All this is happening as RNAi bellwether Alnylam ($40B market cap) is hitting new all-time highs and is about to catch up with and likely overtake Regeneron ($53B market cap) to become the 3^rd most valuable biotech behind Amgen and Vertex Pharmaceuticals.  Besides the ATTR amyloidosis opportunity, this prices in the potential of Alnylam's pipeline to address huge markets such as Alzheimer’s and obesity with well tolerated, infrequently administered RNAi.

Silence Therapeutics has also risen slowly, but surely over 200% in the last 2 months.  As Lp(a) RNAi is increasingly seen as a must-have in the cardiovascular disease space, its phase 3-ready candidate SLN360 alone could be well worth a multiple of its current $275M market cap.  Add to this its 25 year experience as a pure-play RNAi developer and inhibinE for obesity being an easy target with their technology, Silence Therapeutics is ripe for an acquisition.

Arrowhead Pharmaceuticals is also up over 80% in the same period as revenues in the form of ApoCIII knockdown for high triglyceride-related disease and co-commercialization and royalty/milestone revenues come into closer focus.  Amgen would be an obvious candidate to make a play for Arrowhead, also because Arrowhead can now manufacture large amounts of RNAi triggers within the US.
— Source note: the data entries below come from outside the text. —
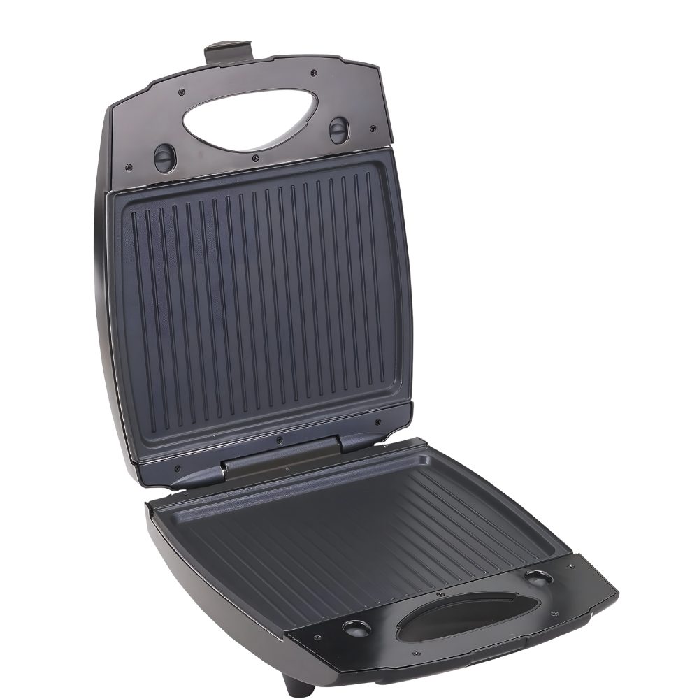 Plates Included | Triangular cut-and-seal sandwich set; ridged grill set (both removable, non-stick) |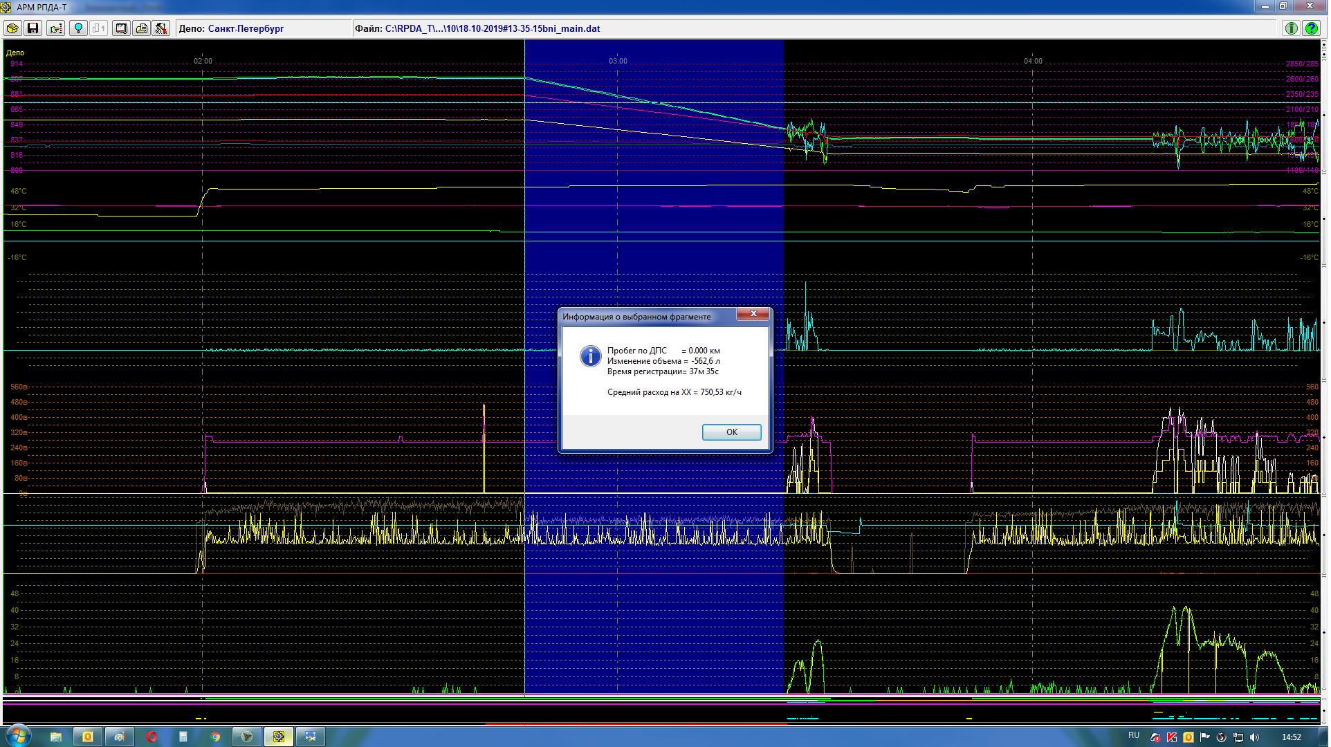 На рисунке представлен вид главного окна программы с обобщенными графическими данными о поездках, записанными на один картридж (полный режим). Расширенный режим включается/выключается в настройках АРМа.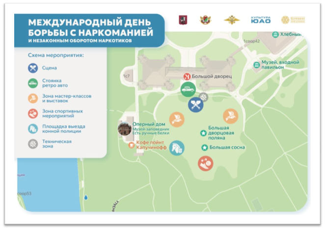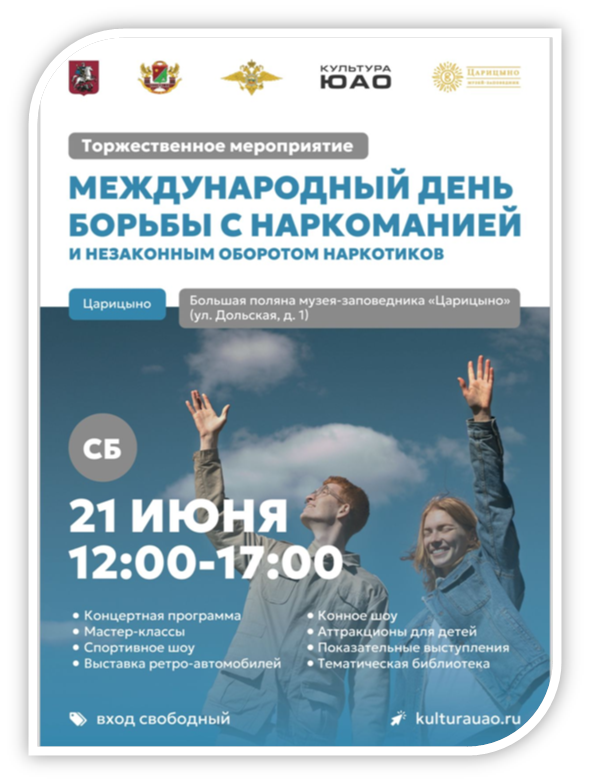21 июня 2025 года на территории ГМЗ «Царицыно» (на площадке «Большая поляна») Управлением по контролю за оборотом наркотиков ГУ МВД России по г.Москве, при поддержке Префектуры Южного административного округа г.Москвы и ГБУ г.Москвы «ЮГ СТОЛИЦЫ» запланировано проведение мероприятия, приуроченного к Международному дню борьбы с наркоманией.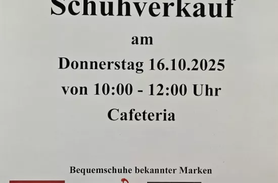 Wir freuen uns, Ihnen eine besondere Service-Veranstaltung in unserem Pflegeheim ankündigen zu dürfen: Die Schuh Residenz kommt zu uns, damit unsere Bewohner bequem vor Ort hochwertige Schuhe kaufen können.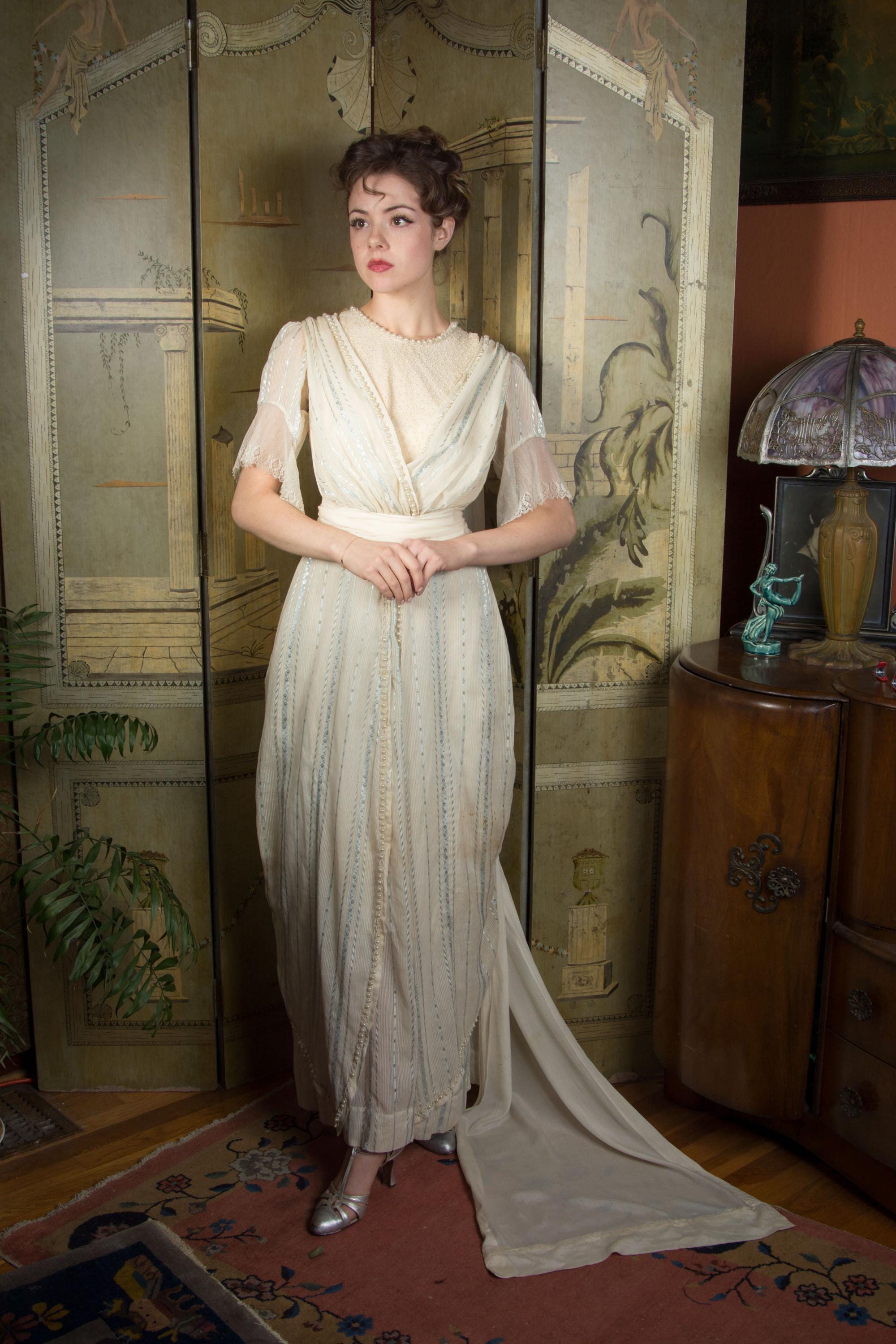 A spectacular and rare Edwardian wedding gown or tea dress, this beauty is draped romance. A 1911 style, the silhouette is quintessential to it's time - a high waisted bodice with elegant draping, and a layered skirt. We don't have the right underpinnings, so this isn't perfectly representative of the original intended silhouette. The primarily material is a lingerie cotton with woven stripes of lustrous silk brocade in pale blue throughout. The bodice has an internal lining of cotton and silk. Where it is exposed, it features a texturally unique lace - it has almost a boucle effect. The striped sleeves, finished in gossamer fine lace, are attached to this underlayer. The gathered surplice of striped material is worn over it, gathered in pinch pleats into the fitted waistband. At the back, a silk watteau train is suspended at the back of the shoulders. The skirt features a fairly full base layer with two petals that run from the center front, to the sides of the back where they meet the body with three deep pleats, that create the bud like shape you see here. The design elements are all ringed with hollow glass pearls, around the neck, across the shoulders, down the surplice layers, and all the way down the petals of the skirt, running down the center, then along the pointed hem. This closes with a complicated assortment of hooks and snaps - you'll need someone to help you do up the closures.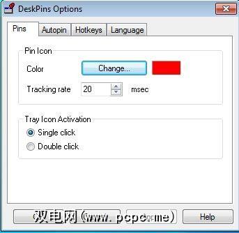 首先,如果您不是红色恋人,则可以在第一个标签菜单中将图钉颜色更改为您喜欢的颜色。您还可以更改跟踪速率并单击或双击以激活系统托盘中的销。
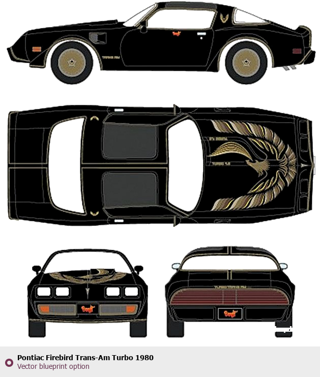 Raster blueprint of the 1980 Pontiac Firebird Trans-Am Turbo Coupe. This free downloadable image can be used for graphic projects, digital design, and 3D modeling. The file provides accurate exterior proportions of the vehicle. Model year: 1980. Body type: Coupe.
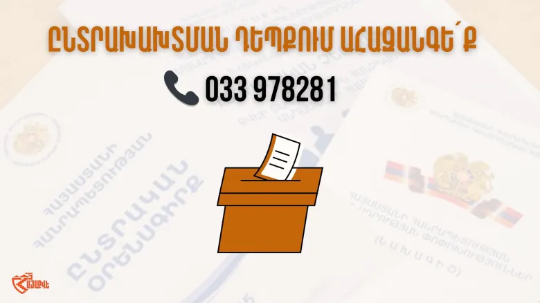 Եթե առերևույթ ընտրախախտում կնկատեք, մոտեցե´ք տեղամասում «ՀայաՔվեի» տարբերանշանով հերթապահող մեր դիտորդներին և ահազանգեք այդ մասին, կամ զանգահարեք մեր թեժ գծին`
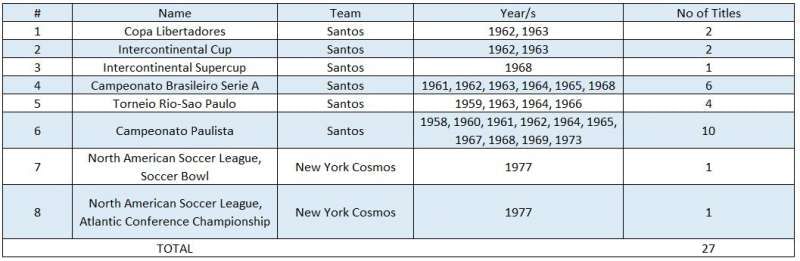 The 3-time world cup winner won an incredible 25 trophies with his beloved club Santos, where he spent 18 seasons and capped off his career with another two trophies at New York Cosmos.

There are a lot of lessons to be learned from the history of RNAi Therapeutics.  One is that financial bottlenecks can richly reward those that persevere, also because it creates scarcity value and reduces competition.  In general, the current biotech winter which forces companies to focus on their most promising and competitive product candidates will translate into greater profitabilities down the line.  In a twist of irony, as the CRISPR field is going through its own bottleneck, CRISPR Therapeutics now spending money on a non-core RNAi asset, thus keeping spend unnecessarily high and losing focus, is not what the doctor would order based on RNAi history. 

I believe that as long as Trump’s trade war does not result on a run on the US dollar pushing interest rates up, anticipation of Fed Chief Powell’s replacement in May 2026 will allow these assets to come to fruition in a much less capital-constrained environment for biotechs.